Use the right temperature: Set temperature=1.0 for thinking mode and temperature=0.6 for instant mode. The wrong temperature can significantly degrade output quality.

from together import Together

client = Together()

stream = client.chat.completions.create(
    model="moonshotai/Kimi-K2.6",
    messages=[
        {
            "role": "user",
            "content": "Which number is bigger, 9.11 or 9.9? Think carefully.",
        }
    ],
    reasoning={"enabled": True},
    temperature=1.0,  # Use 1.0 for thinking mode
    top_p=0.95,
    stream=True,
)

for chunk in stream:
    if not chunk.choices:
        continue
    delta = chunk.choices[0].delta

    # Show reasoning tokens if present
    if hasattr(delta, "reasoning") and delta.reasoning:
        print(delta.reasoning, end="", flush=True)

    # Show content tokens if present
    if hasattr(delta, "content") and delta.content:
        print(delta.content, end="", flush=True)

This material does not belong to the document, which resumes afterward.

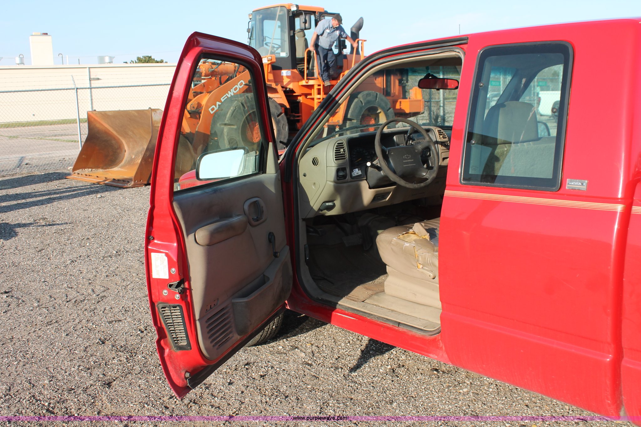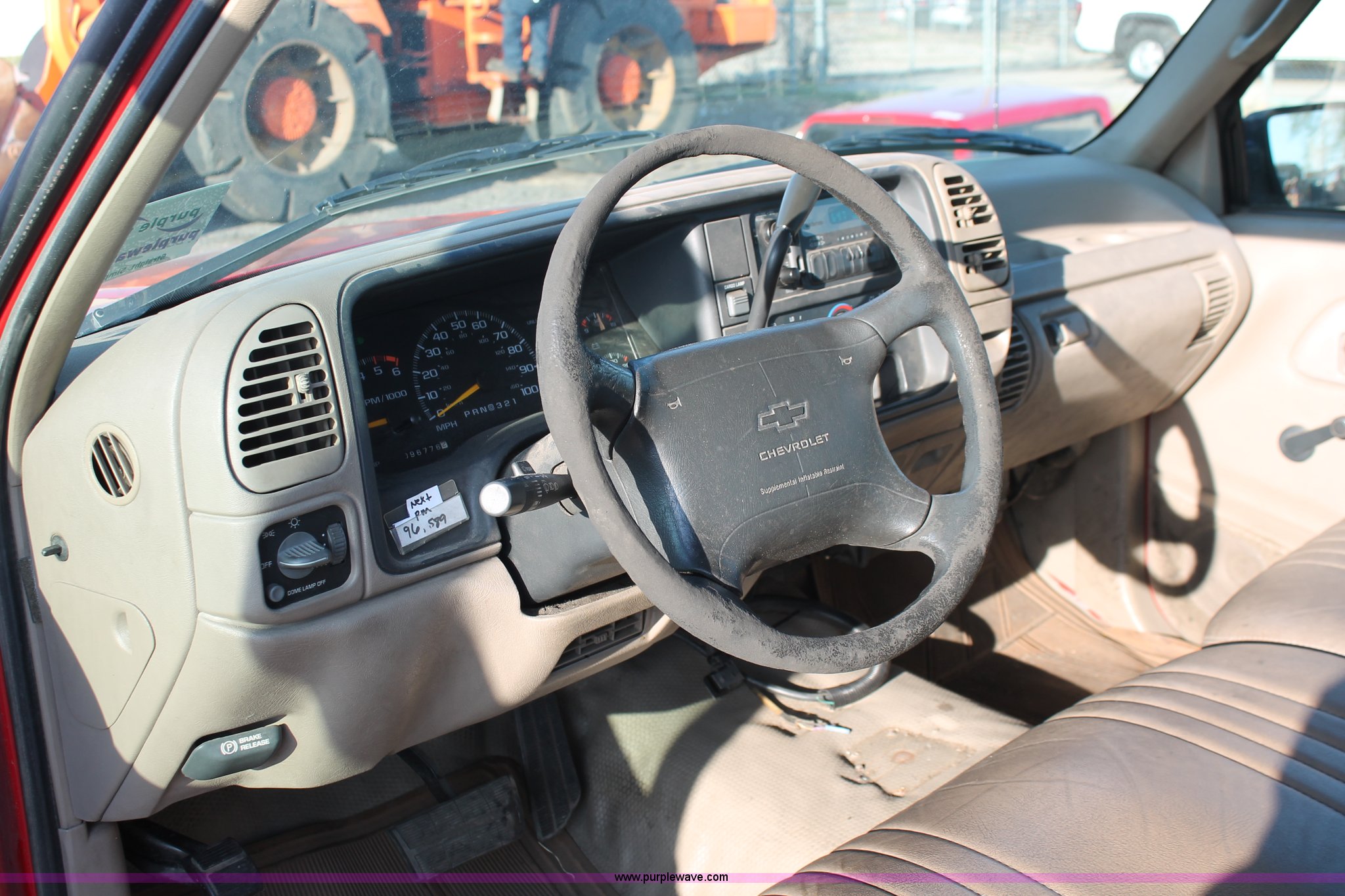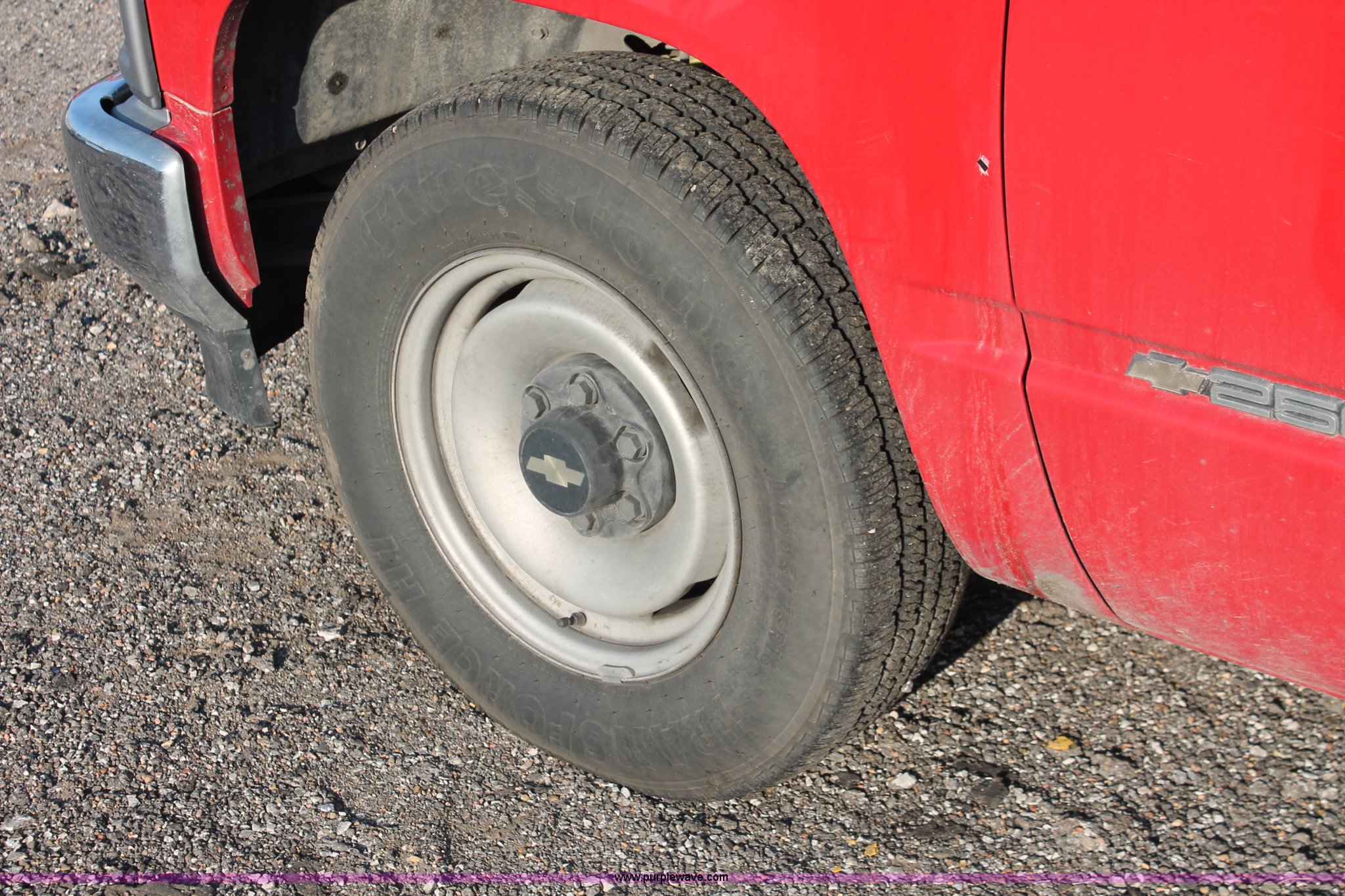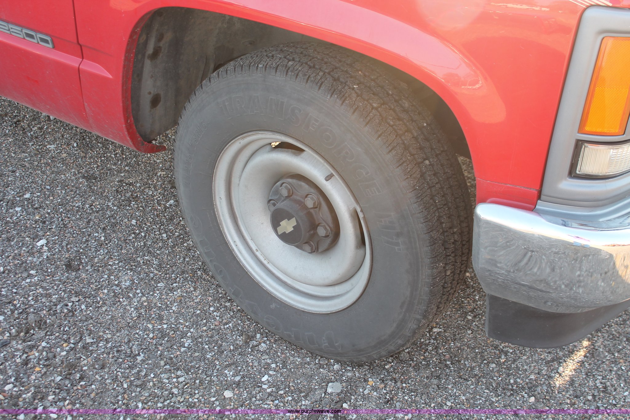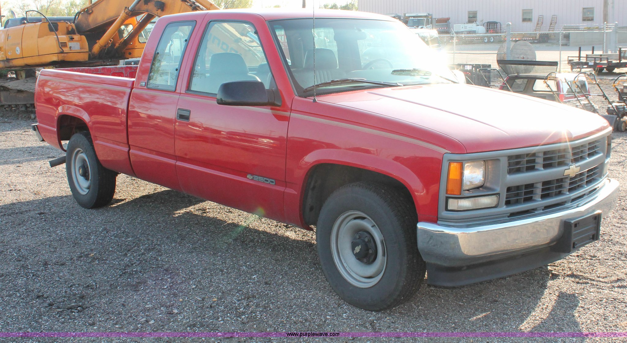 Purple Wave is selling a used Passenger Vehicle in Kansas. This item is a 1996 Chevrolet Cheyenne 2500 extended cab pickup truck with the following: 96,776 miles on odometer, 5.7L V8 OHV 16V gas engine, Automatic transmission, AC and heat, AM/FM, Manual windows and locks, Vinyl interior, LT225/75R16 tires, Bed rails damaged, Tailgate damaged, Spare tire, Unit# 8-2065

import Together from 'together-ai';
import type { 
  ChatCompletionChunk,
  ChatCompletionCreateParamsStreaming 
} from "together-ai/resources/chat/completions";

const together = new Together();

// Extend types for reasoning support
type ReasoningParams = ChatCompletionCreateParamsStreaming & {
  reasoning?: { enabled: boolean };
};

type ReasoningDelta = ChatCompletionChunk.Choice.Delta & { 
  reasoning?: string 
};

async function main() {
  const params: ReasoningParams = {
    model: "moonshotai/Kimi-K2.6",
    messages: [
      { role: "user", content: "Which number is bigger, 9.11 or 9.9? Think carefully." },
    ],
    reasoning: { enabled: true },
    temperature: 1.0,  // Use 1.0 for thinking mode
    top_p: 0.95,
    stream: true,
  };

  const stream = await together.chat.completions.create(params);

  for await (const chunk of stream) {
    const delta = chunk.choices[0]?.delta as ReasoningDelta;

    // Show reasoning tokens if present
    if (delta?.reasoning) process.stdout.write(delta.reasoning);

    // Show content tokens if present
    if (delta?.content) process.stdout.write(delta.content);
  }
}

main();

Vision capabilities

K2.6 accepts image inputs alongside text, so it can answer questions about visual content, reason across text and images, and ground tool calls in what it sees.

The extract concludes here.